Every application deployed by Juju also has access to a pseudo-relation over which leader settings can be communicated with the following tools:
-
leader-set
acts much likerelation-set
, in that it lets you write string key/value pairs (in which an empty value removes the key), but with the following differences:- there's only one leader-settings bucket per application (not one per unit)
- only the leader can write to the bucket
- only minions are informed of changes to the bucket
- changes are propagated instantly, bypassing the sandbox
The instant propagation is surprising, and exists to satisfy the use case where shared data can be chosen by the leader at the very beginning of (say) the install hook; by propagating it instantly, any running minions can make use of the data and progress immediately, without having to wait for the leader to finish its hook.
It also means that you can guarantee that a successful
leader-set
call has been reflected in the database, and that all minions will converge towards seeing that value, even if an unexpected error takes down the current hook.For both these reasons we strongly recommend that leader settings are always written as a self-consistent group (
leader-set foo=bar baz=qux ping=pong
, rather thanleader-set foo=bar; leader-set baz=qux
etc, in which minions may end up seeing a sandbox in which onlyfoo
is set to the "correct" value). -
leader-get
acts much like relation-get, in that it lets you read string values by key (and expose them in helpful formats), but with the following difference:- it reads only from the single leader-settings bucket
...and the following key similarity:
- it presents a sandboxed view of leader-settings data.
This is necessary, as it is for relation data, because a hook context needs to present consistent data; but it means that there's a small extra burden on users of
leader-set
.
How do I...
...share one-shot configuration among units?

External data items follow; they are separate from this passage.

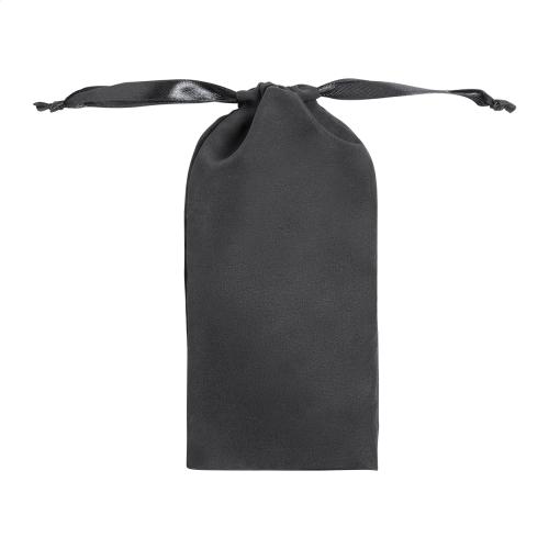 RPET polyester travel eye mask with rubber straps, in RPET drawstring pouch. With distinctive RPET label.
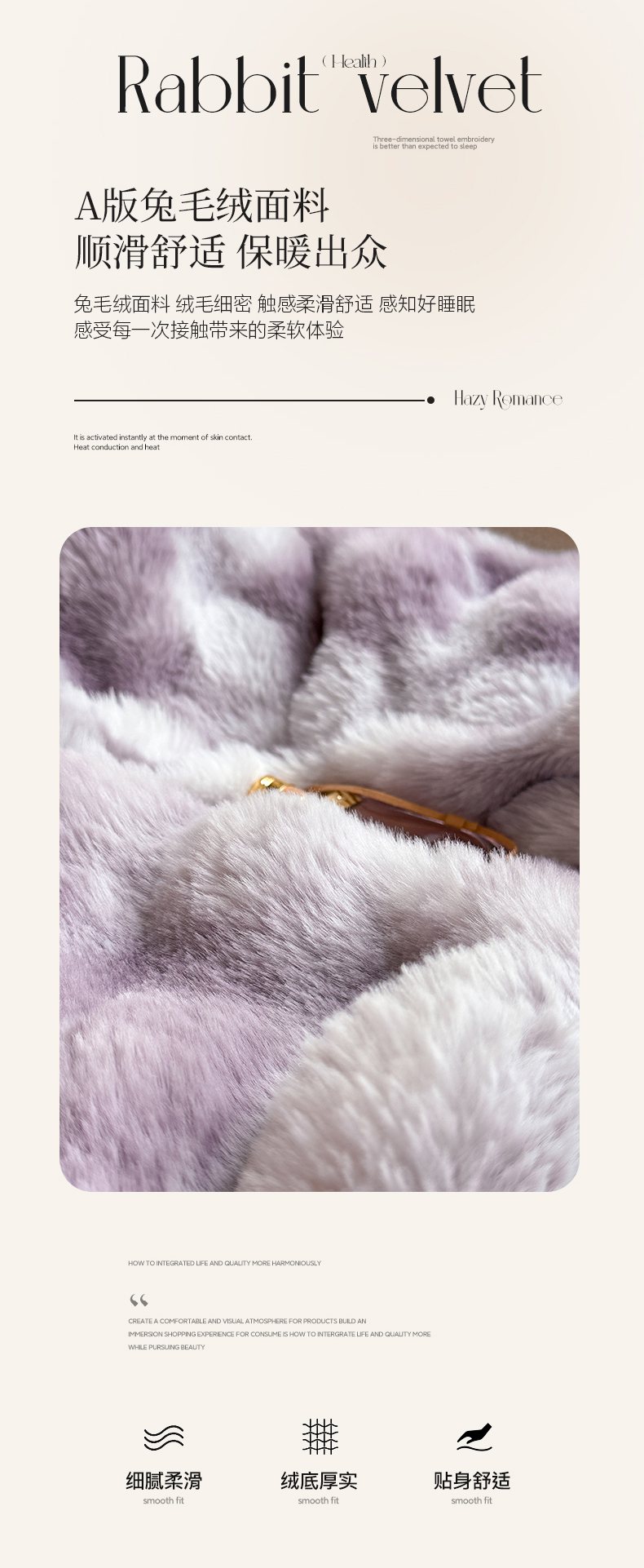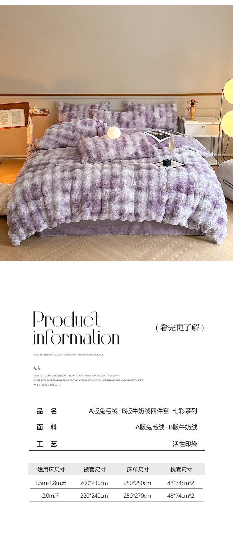 商品名称:畅畅家纺 2025新款纯色七彩兔兔绒兔毛绒牛奶绒四件套 七彩-紫
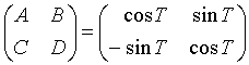 Each vertex of the sprite is also moved by this process, and the sprite is drawn in the rectangular area according to the moved vertices. If the rotation matrix is set as follows for the 2D matrix elements A, B, C, and D, the sprite will rotate by T.
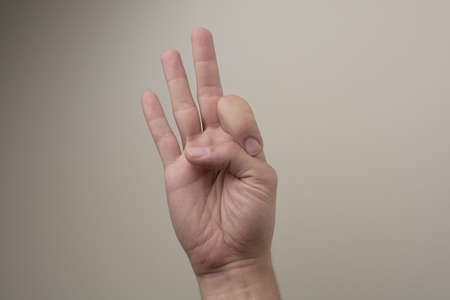 Dramatic colour image of male hand demonstrating sign language number three against black background with empty copy space for editors
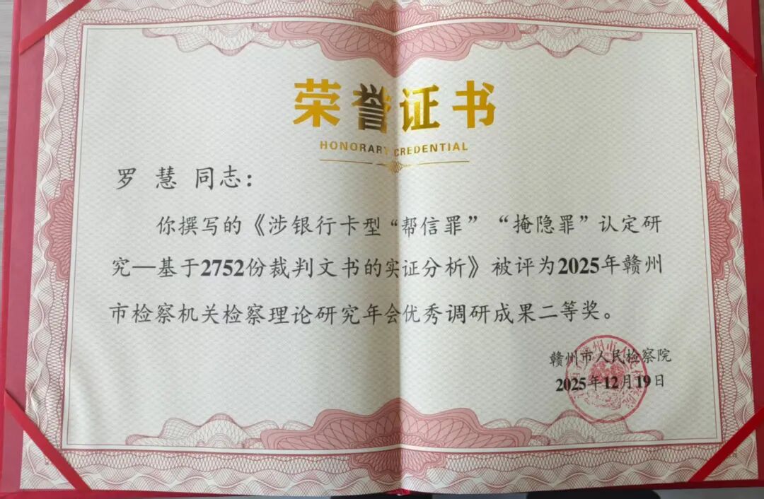 12月26日,在2025年赣州市检察理论研究年会上,我院一篇论文获“二等奖”、一篇论文获“三等奖”,同时获“优秀组织单位”。
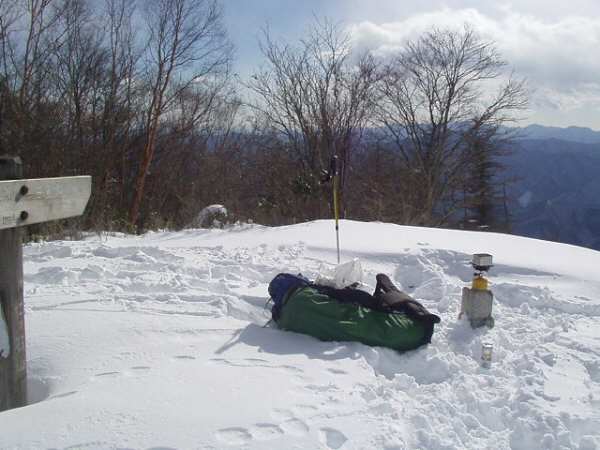 鷹ノ巣山山頂。今日の足跡は一人だけだった ![]() |
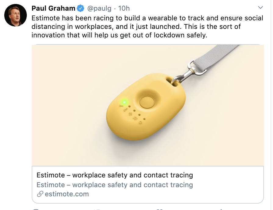 Another fine YC product. Welcome to your new workplace hell. It's the LifeAlert bracelet that snitches to your boss when you try to engage in protected, concerted action at your workplace.pic.twitter.com/1FKFo6PQtC
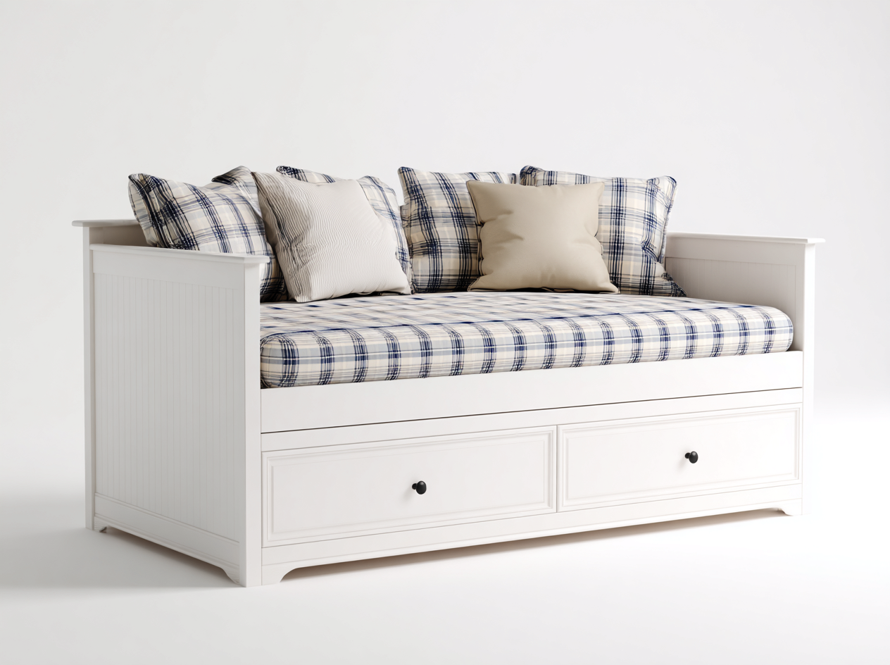 Przestrzeń pod siedziskiem pomaga uporządkować pościel, koce oraz tekstylia domowe. Sofa może pełnić funkcję kanapy dziennej, miejsca relaksu lub dodatkowego łóżka dla gości. Stabilna konstrukcja dobrze sprawdza się w codziennym użytkowaniu.

Assuming your own implementations of create_settings
and valid_settings
, you
can use the two pseudopython snippets below:
def set_shared_settings():
if is_leader():
if !valid_settings(leader_get()):
settings = create_settings()
leader_set(settings)
def get_shared_settings():
settings = leader_get()
if !valid_settings(settings):
raise WaitingForLeader()
return settings
...which can be used as follows:
set_shared_settings
must be called inleader-elected
, and may be called anywhere else you like (for example, at the very beginning ofinstall
, to cause those settings to be ppropagated to minions as soon as possible).get_shared_settings
must be called (and handled!) inleader-settings-changed
, and may also be called at any other time it's convenient; you should always be prepared to catch WaitingForLeader and handle it appropriately (most likely by setting a "waiting" status and exiting without error, to wait for theleader-settings-changed
which should arrive soon).
...share varying configuration among units?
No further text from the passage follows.